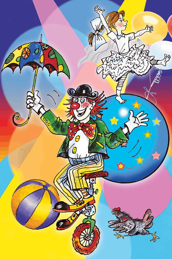 И вдруг из-за красной занавески вышел целый отряд каких-то людей, одетых очень красиво – в красные костюмы с жёлтыми полосками. Они встали по бокам занавески, и между ними прошёл их начальник в чёрном костюме. Он громко и немножко непонятно что-то прокричал, и музыка заиграла быстро-быстро и громко, и на арену выскочил артист-жонглёр, и началась потеха. Он кидал шарики, по десять или по сто штук вверх, и ловил их обратно. А потом схватил полосатый мяч и стал им играть… Он и головой его подшибал, и затылком, и лбом, и по спине катал, и каблуком наподдавал, и мяч катался по всему его телу как примагниченный. Это было очень красиво. И вдруг жонглёр кинул этот мячик к нам в публику, и тут уж началась настоящая суматоха, потому что я поймал этот мяч и бросил его в Валерку, а Валерка – в Мишку, а Мишка вдруг нацелился и ни с того ни с сего засветил прямо в дирижёра, но в него не попал, а попал в барабан! Бамм! Барабанщик рассердился и кинул мяч обратно жонглёру, но мяч не долетел, он просто угодил одной красивой тётеньке в прическу, и у неё получилась не причёска, а нахлобучка. И мы все так хохотали, что чуть не померли.
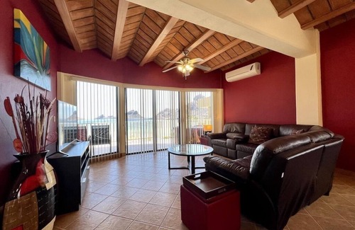 Condo located on top floor with great views of the Bahia & San Carlos. This property has 2 bedrooms, each with a king size bed, and 2 bathrooms, making it an ideal option for a small family or a couple getaway. Kitchen is fully equipped for at-home meals, if that's what you prefer or grill some burgers and hot dogs on the barbecue. Renters have access to the on-site pool and jacuzzi, as well as the barbecue in the pool-side common area. No pets allowed.
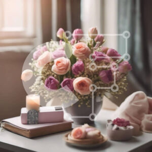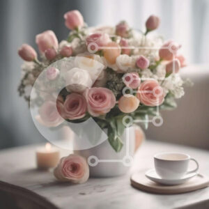 Intra Συλλεκτικό Ξύλινο Παζλ Plywood 4mm - Ρομαντικό τραπέζι με ροζ και ροδακινί τριαντάφυλλα Σε Ξύλινο Κουτί - Διαστάσεις: 10x10 cm – 25 κομμάτια
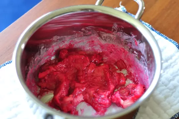 3、中火にかけ、混ぜながら加熱する。ルバーブが溶けだし、とろみがつけば完成。
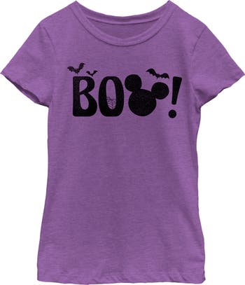Who knew that dressing "mousey" could be so cute!? Celebrate Walt Disney's most iconic character with this officially licensed Mickey Mouse and Friends style! This adorable Large Boo Girls' Tee features "Boo!" printed across the front with bats flying around and the Disney logo as an "O", perfect for your next Halloween!
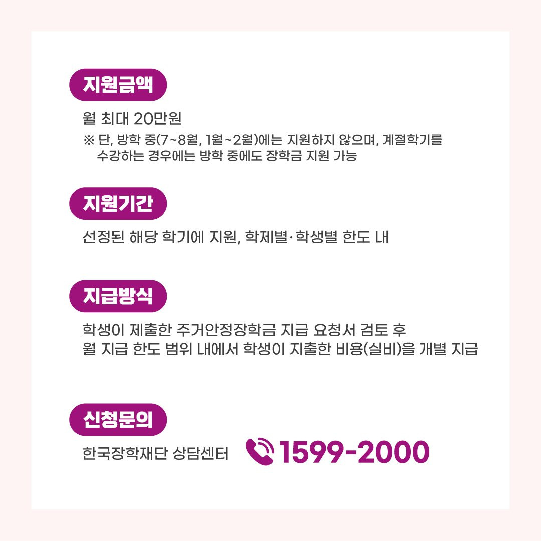 월 20만 원 한도 내 학생이 지출한 주거 관련 비용 포괄 지원
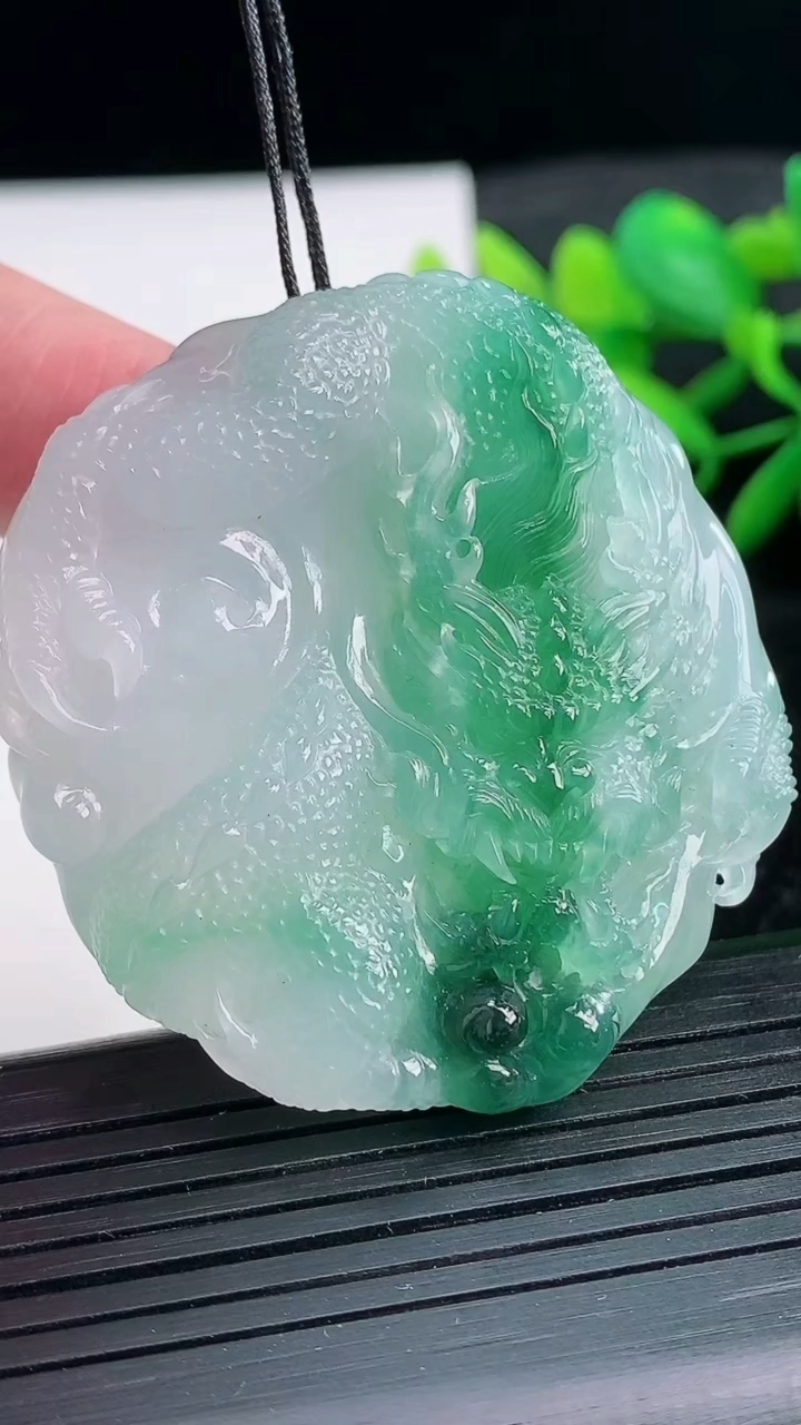 天然A货翡翠龙牌吊坠尺寸48.8-45.7-12重量:46.85g 3月25日
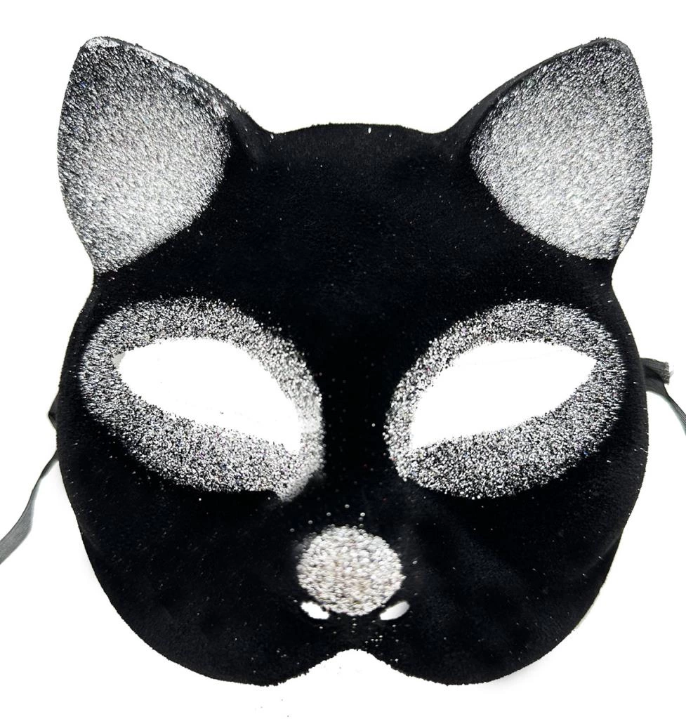Siyah Renk Gümüş Simli Süet Kedi Maskesi ile sevimli ve eğlenceli bir görünüm oluşturun ve özel günlerinizi unutulmaz kılın!

--*--

▶ HOW TO COMPLETE THIS TASK
Exactly the lines from the one containing "Who knew that" through the last line of the material above, both included and free of pictures, should make up your answer, please.

▶ RESPONSE AREA
Who knew that dressing "mousey" could be so cute!? Celebrate Walt Disney's most iconic character with this officially licensed Mickey Mouse and Friends style! This adorable Large Boo Girls' Tee features "Boo!" printed across the front with bats flying around and the Disney logo as an "O", perfect for your next Halloween!
 월 20만 원 한도 내 학생이 지출한 주거 관련 비용 포괄 지원
 天然A货翡翠龙牌吊坠尺寸48.8-45.7-12重量:46.85g 3月25日
Siyah Renk Gümüş Simli Süet Kedi Maskesi ile sevimli ve eğlenceli bir görünüm oluşturun ve özel günlerinizi unutulmaz kılın!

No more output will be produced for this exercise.